Top of DATASET RECORDS

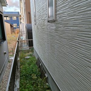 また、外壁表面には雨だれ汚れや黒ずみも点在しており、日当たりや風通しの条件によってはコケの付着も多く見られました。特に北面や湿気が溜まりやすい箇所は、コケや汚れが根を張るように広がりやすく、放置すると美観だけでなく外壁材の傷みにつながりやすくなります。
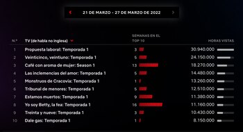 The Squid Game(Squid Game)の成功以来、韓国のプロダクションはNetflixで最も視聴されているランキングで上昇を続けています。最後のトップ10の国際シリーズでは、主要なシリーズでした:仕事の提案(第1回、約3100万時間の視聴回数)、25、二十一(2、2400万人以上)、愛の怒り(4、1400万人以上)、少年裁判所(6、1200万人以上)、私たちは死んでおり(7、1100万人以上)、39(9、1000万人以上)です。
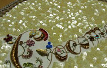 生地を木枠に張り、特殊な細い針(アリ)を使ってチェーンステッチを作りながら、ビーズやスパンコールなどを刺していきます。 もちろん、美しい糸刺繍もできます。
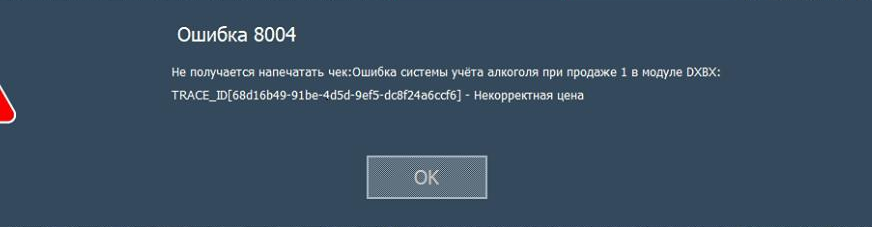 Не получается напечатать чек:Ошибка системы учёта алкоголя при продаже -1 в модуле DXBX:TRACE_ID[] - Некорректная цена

Bottom of DATASET RECORDS
Top of DATASET RECORDS

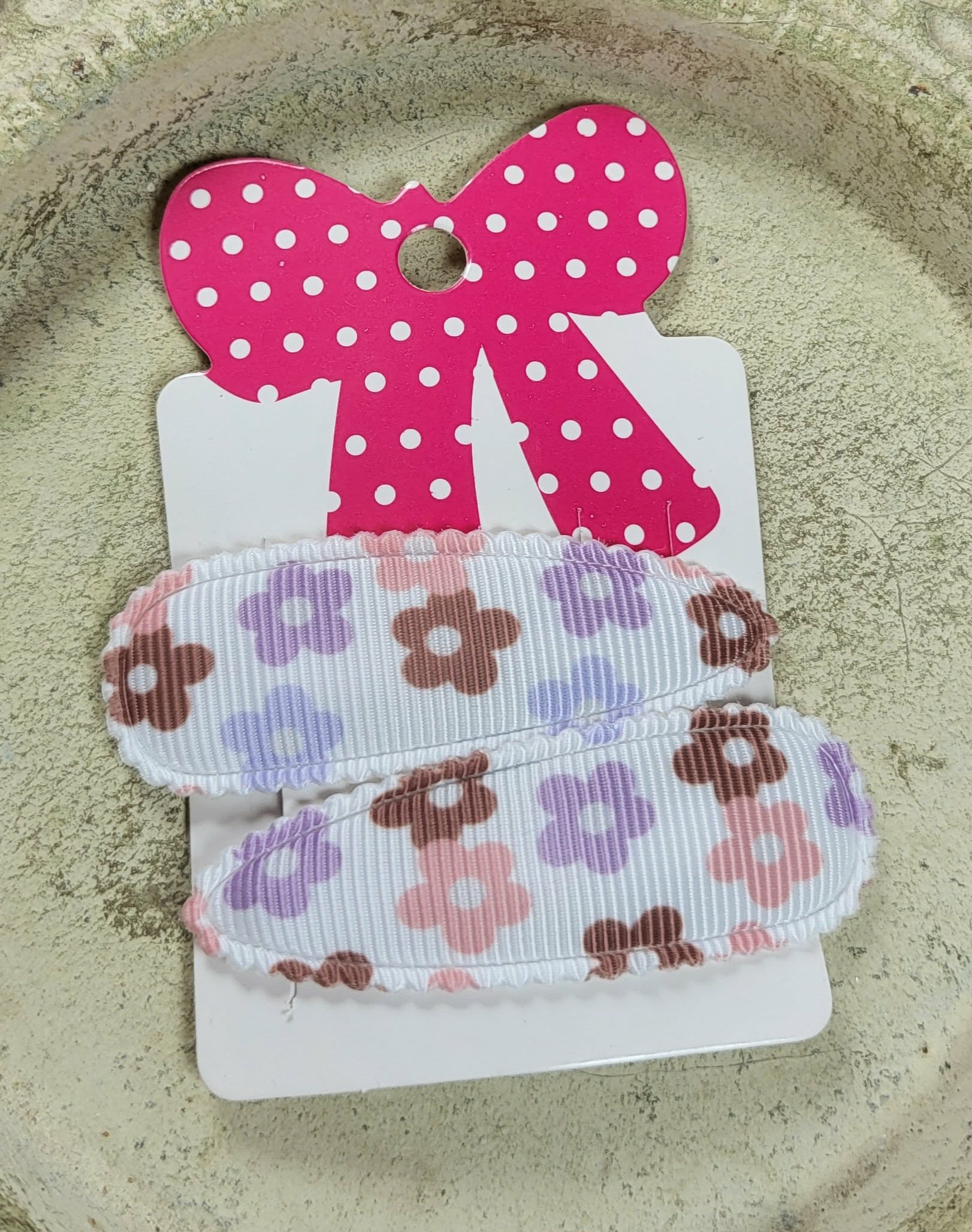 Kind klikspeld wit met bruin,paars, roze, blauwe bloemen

Bottom of DATASET RECORDS

[YOUR INSTRUCTIONS]
Retype the lines above exactly as they appear, from the line containing "生地を木枠に張り、特殊な細い" through the line containing "Не получается напечатать", and leave out any pictures.

[TASK ANSWER]
 生地を木枠に張り、特殊な細い針(アリ)を使ってチェーンステッチを作りながら、ビーズやスパンコールなどを刺していきます。 もちろん、美しい糸刺繍もできます。
 Не получается напечатать чек:Ошибка системы учёта алкоголя при продаже -1 в модуле DXBX:TRACE_ID[] - Некорректная цена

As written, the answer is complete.